Le réaménagement de Victoria Park ne convainc toujours pas
Le réaménagement de Victoria Park ne convainc toujours pas Le Queensland vient de dévoiler les nouveaux plans conceptuels du complexe olympique
Le réaménagement de Victoria Park ne convainc toujours pas
Le Queensland vient de dévoiler les nouveaux plans conceptuels du complexe olympique de Brisbane, qui prévoit le stade olympique et le centre nautique au cœur de la ville dans le parc Victoria. Si le gouvernement y voit un projet destiné aux futures générations, les critiques y voient une « vision fantaisiste ».
Face à des opposants toujours aussi actifs, le gouvernement du Queensland a publié de nouvelles images conceptuelles du parc paysager destiné à entourer le stade olympique de 2032, ainsi que le centre nautique. Il cherche ainsi à apaiser les inquiétudes concernant la perte du plus grand espace vert du centre-ville de Brisbane.
Cependant, les opposants à ces projets — qui entrent désormais dans la phase préliminaire de construction — visant à bâtir le stade olympique à Victoria Park qualifient ces images de « vision fantaisiste » dépourvue de détails. Ils déplorent aussi l’absence de prise en compte des besoins probables en matière de stationnement, de routes, de liaisons de transport et d’esplanades pour accueillir les foules.
Le gouvernement affirme que son plan préservera les deux tiers de Victoria Park en tant qu’espace vert, après la construction d’un stade de forme ovale de 63 000 places et d’un nouveau centre aquatique national.
L’amendement du projet initial
L’avant-projet du site et les images conceptuelles présentent deux passerelles piétonnes enjambant la voie de contournement du centre-ville de Brisbane, une route qui sépare la majeure partie du parc des quartiers d’affaires de Brisbane.
Le projet propose également d’inonder l’espace actuellement occupé par des terrains de football pour agrandir une zone humide, située sur le site, ainsi que de construire un amphithéâtre public près du stade.
Le gouvernement fait remarquer que le parc deviendrait plus accessible qu’il ne l’est aujourd’hui.
« Ce complexe, appelé à transformer l’État, incarne l’héritage : il s’agit de créer un espace public de classe mondiale dont les habitants du Queensland profiteront pendant des générations, bien après que la flamme olympique se sera éteinte », a déclaré dimanche le Premier ministre, David Crisafulli.
Ce parc, classé au patrimoine et connu sous le nom de « Barrambin » par les anciens propriétaires traditionnels, les Premières Nations, fait l’objet de controverses en tant que site du stade principal des Jeux olympiques de 2032. Il a connu de nombreux usages (réserve autochtone, dépôt d’ordures, terrain de golf) avant de devenir le poumon vert de Brisbane.
Les opposants ne désarment pas
Ce parc est très important pour les Premières Nations.

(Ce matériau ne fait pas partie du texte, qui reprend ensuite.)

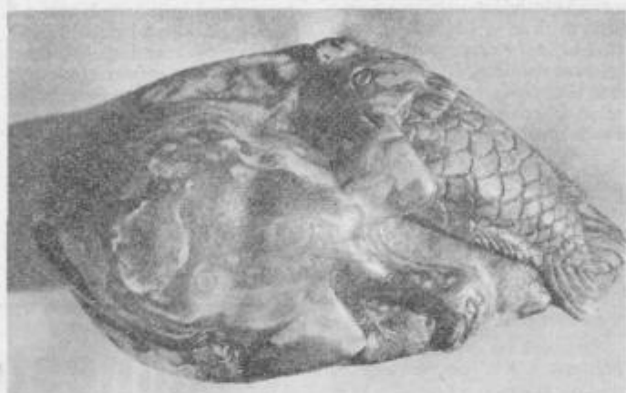
Pladenj iz jantarja, na njem riba in gos.

Kot smo vas že seznanili v prejšnji številki, so arheologi na gradbišču nove obvoznice na robu Natašine poti v Ptuj odkrili osem rimskih grobov. Grobovi so žgani in ležijo ob cesti, ki je nekdanj vodila proti Savariji. Našli so nekaj novcev, kosov lončenine, majhnih posodic solznic iz stekla. Najdbe, ki jih skorajda lahko najdemo v Ptuj in bližnji okolici, če le lopato zasadiš dovolj globoko, kot radi pravimo Ptujčani. In vendar smo vsakokrat znova presenečeni; tako so bili arheologi tudi tokrat, ko so odprli grob številka sedem in v njem našli čudovit nakit iz jantarja. Dva prstana, eden s figuro ležečega psa, drugi s figuro psa in otroka, ki se igra. Izredno zanimiv je pladenj, na katerem je

Il a servi de campement à 1 500 autochtones tout au long du 19e siècle, avant d’être envoyé de force dans les missions. Les Aborigènes y sont revenus vivre lorsqu’ils ont été autorisés à quitter les missions au 20e siècle.
C’est dans ce sens que le groupe des Premières Nations a engagé une action en justice contre le projet de réaménagement dès l’année dernière. Il demande au gouvernement fédéral une protection juridique permanente du parc, en vertu de l’article 10 de la loi sur la protection du patrimoine aborigène et insulaire du détroit de Torres.
Outre les inquiétudes locales concernant la perte d’espaces verts et les préoccupations des Premières Nations quant aux dommages causés à un site d’importance culturelle, Victoria Park présente également des défis logistiques et géographiques.
Les détracteurs des projets de l’État affirment que ces plans semblaient conçus sans toutefois prendre en compte plusieurs facteurs clés. Sue Bremner, porte-parole du collectif « Save Victoria Park », a déclaré que ces représentations « trompeuses » du gouvernement visaient à détourner l’attention du public sur l’explosion du budget des Jeux olympiques.